A Year of Mashable — 2012

At work I finally got around to doing a project I’ve been wanting to do for a long time: analyze the sharing behavior of a year’s worth of content at Mashable.

It’s no small project. First, a year’s worth of Mashable content must be collected, which ended up being 13,979 articles in total. Next, the author, publish date, headline, and full text of each post must be extracted from each page, which requires a (fortunately simple) custom scraper to be built. Next, the social resonance data of each article must be collected. For this analysis, I collected share counts for Twitter, Facebook, StumbleUpon, LinkedIn, Google+, and Pinterest, plus clicks from Bitly and per-article submissions from Reddit.

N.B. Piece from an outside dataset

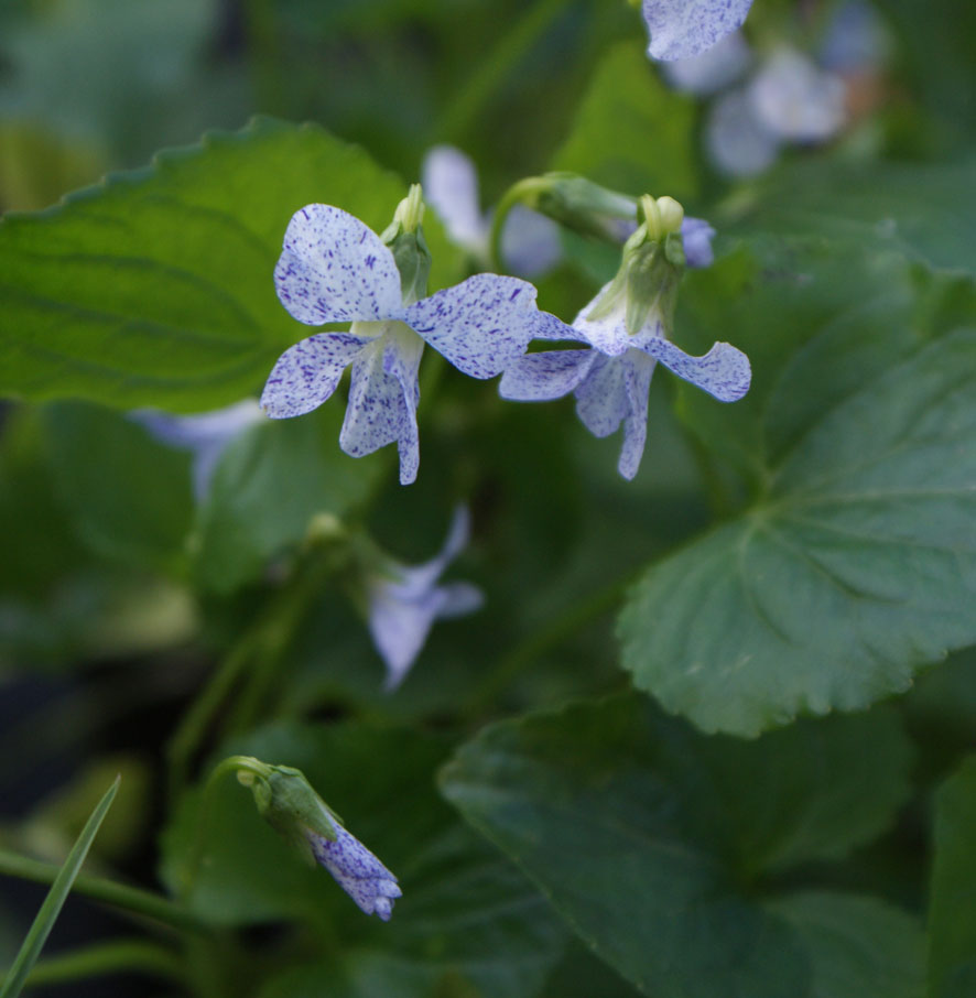 Das Pfingst-Veilchen ist eine wüchsige, robuste Staude, die sich durch kurze Rhyzome und Selbstaussaat allmählich flächendeckend ausbreitet, Viola sororia Freckles hat lustig lilafarben gesprenkelte weiße Blüten, die winterharte Staude ist als Bodendecker für kleine Flächen geeignet und stellt keine besonderen Ansprüche an den Boden

Once all that data has been collected and structured, it must be analyzed. I found good ol’ Excel pivot tables to be perfect for most of the analysis. Tracking mentions of key topics from the past year, like Gangnam Style, requires the ability to do full-text searches against headlines and article content, so I indexed all of the data from above into ElasticSearch. It performed brilliantly.

I ended up making an infographic out of the data, and I posted it to the corporate blog of the company I work for. I’m proud of it, so I’m posting it here too.

By no means the finest infographic ever made, but hopefully not the worst one, either. Enjoy!